= TASK ITEM =
Exactly as written, return every line of the data below apart from the pictures.

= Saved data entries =
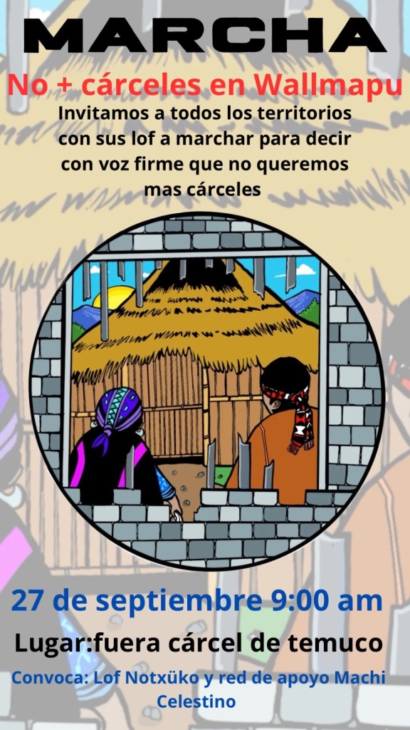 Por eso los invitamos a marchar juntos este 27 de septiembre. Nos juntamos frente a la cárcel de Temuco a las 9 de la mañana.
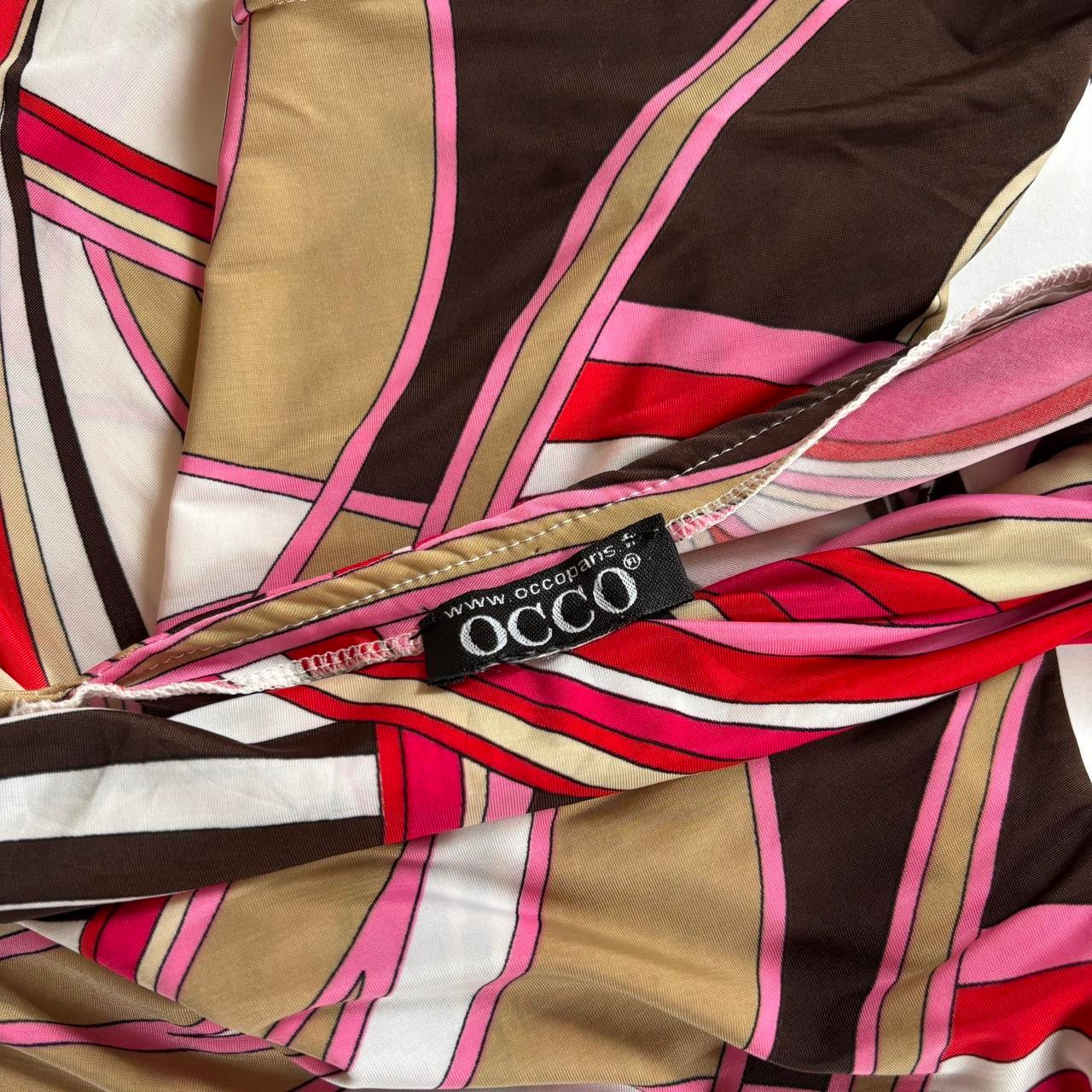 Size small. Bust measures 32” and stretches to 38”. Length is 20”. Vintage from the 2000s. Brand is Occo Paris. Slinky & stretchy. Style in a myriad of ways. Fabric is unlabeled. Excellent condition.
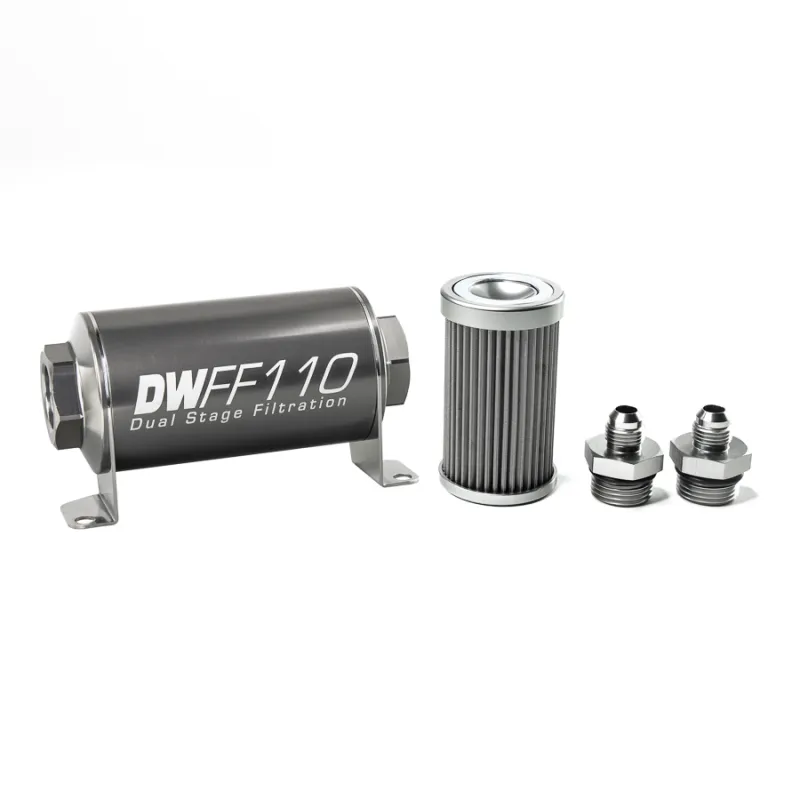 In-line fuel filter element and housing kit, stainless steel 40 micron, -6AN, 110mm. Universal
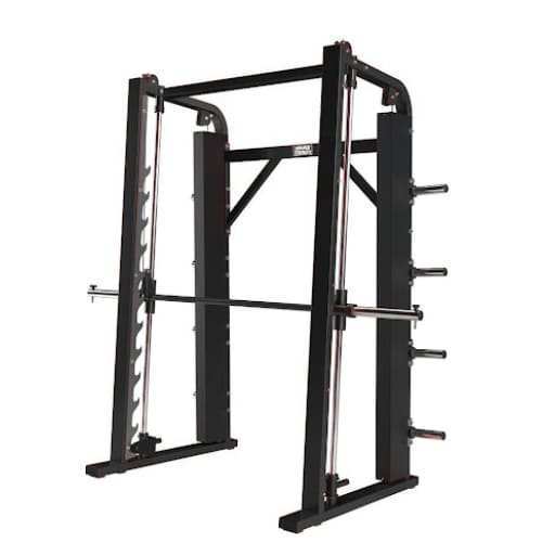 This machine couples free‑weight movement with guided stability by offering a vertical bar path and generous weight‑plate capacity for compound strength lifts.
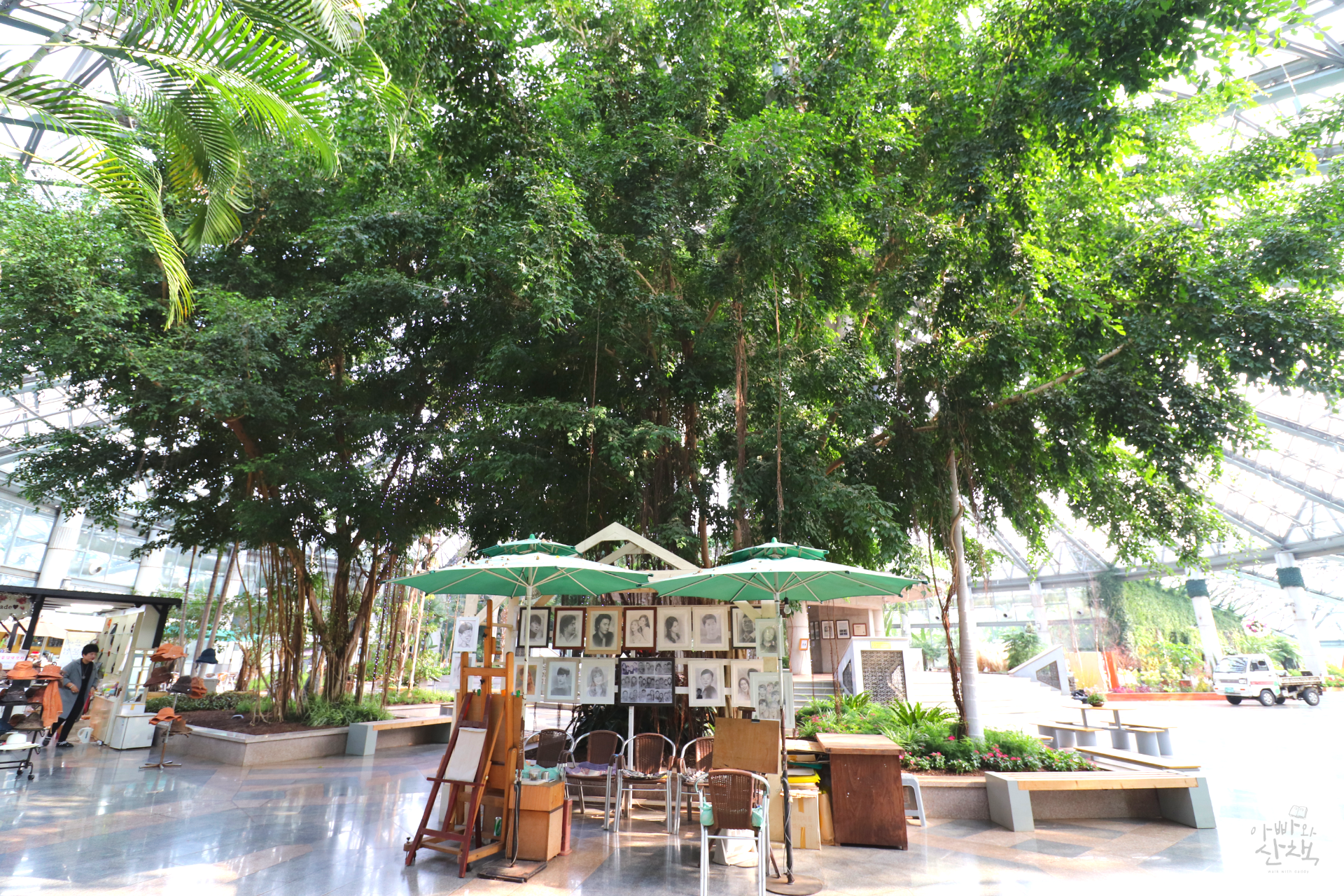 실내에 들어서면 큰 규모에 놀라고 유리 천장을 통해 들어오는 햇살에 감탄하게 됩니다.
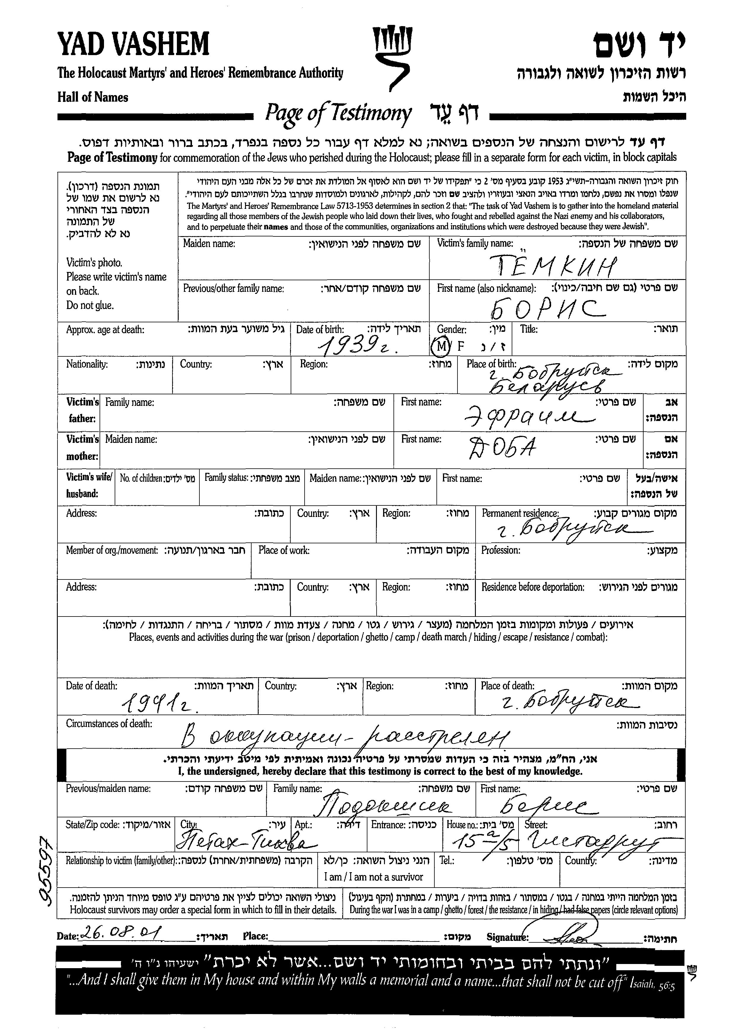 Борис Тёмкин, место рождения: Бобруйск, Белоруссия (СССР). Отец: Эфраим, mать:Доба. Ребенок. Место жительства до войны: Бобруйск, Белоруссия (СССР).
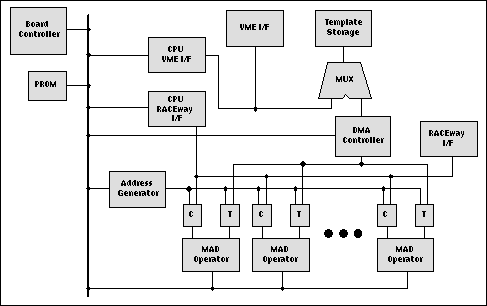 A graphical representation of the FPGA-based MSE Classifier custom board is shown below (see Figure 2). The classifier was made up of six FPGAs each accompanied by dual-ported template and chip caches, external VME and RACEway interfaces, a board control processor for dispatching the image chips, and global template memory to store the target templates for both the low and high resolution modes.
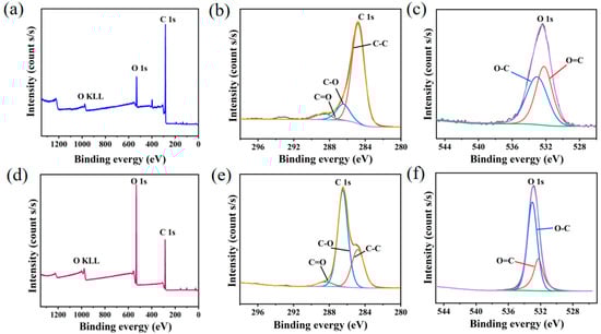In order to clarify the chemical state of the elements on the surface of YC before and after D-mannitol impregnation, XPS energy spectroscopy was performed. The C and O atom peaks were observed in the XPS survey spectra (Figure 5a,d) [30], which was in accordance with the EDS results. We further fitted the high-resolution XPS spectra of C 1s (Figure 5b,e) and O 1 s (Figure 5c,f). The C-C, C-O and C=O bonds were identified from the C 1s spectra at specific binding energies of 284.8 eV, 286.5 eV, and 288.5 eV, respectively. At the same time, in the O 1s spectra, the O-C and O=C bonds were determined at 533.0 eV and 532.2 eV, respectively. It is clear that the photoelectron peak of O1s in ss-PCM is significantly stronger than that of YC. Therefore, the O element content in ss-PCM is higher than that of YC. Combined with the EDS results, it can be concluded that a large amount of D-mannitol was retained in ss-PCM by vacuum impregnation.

= TASK OUTPUT =
 Por eso los invitamos a marchar juntos este 27 de septiembre. Nos juntamos frente a la cárcel de Temuco a las 9 de la mañana.
 Size small. Bust measures 32” and stretches to 38”. Length is 20”. Vintage from the 2000s. Brand is Occo Paris. Slinky & stretchy. Style in a myriad of ways. Fabric is unlabeled. Excellent condition.
 In-line fuel filter element and housing kit, stainless steel 40 micron, -6AN, 110mm. Universal
 This machine couples free‑weight movement with guided stability by offering a vertical bar path and generous weight‑plate capacity for compound strength lifts.
 실내에 들어서면 큰 규모에 놀라고 유리 천장을 통해 들어오는 햇살에 감탄하게 됩니다.
 Борис Тёмкин, место рождения: Бобруйск, Белоруссия (СССР). Отец: Эфраим, mать:Доба. Ребенок. Место жительства до войны: Бобруйск, Белоруссия (СССР).
 A graphical representation of the FPGA-based MSE Classifier custom board is shown below (see Figure 2). The classifier was made up of six FPGAs each accompanied by dual-ported template and chip caches, external VME and RACEway interfaces, a board control processor for dispatching the image chips, and global template memory to store the target templates for both the low and high resolution modes.
In order to clarify the chemical state of the elements on the surface of YC before and after D-mannitol impregnation, XPS energy spectroscopy was performed. The C and O atom peaks were observed in the XPS survey spectra (Figure 5a,d) [30], which was in accordance with the EDS results. We further fitted the high-resolution XPS spectra of C 1s (Figure 5b,e) and O 1 s (Figure 5c,f). The C-C, C-O and C=O bonds were identified from the C 1s spectra at specific binding energies of 284.8 eV, 286.5 eV, and 288.5 eV, respectively. At the same time, in the O 1s spectra, the O-C and O=C bonds were determined at 533.0 eV and 532.2 eV, respectively. It is clear that the photoelectron peak of O1s in ss-PCM is significantly stronger than that of YC. Therefore, the O element content in ss-PCM is higher than that of YC. Combined with the EDS results, it can be concluded that a large amount of D-mannitol was retained in ss-PCM by vacuum impregnation.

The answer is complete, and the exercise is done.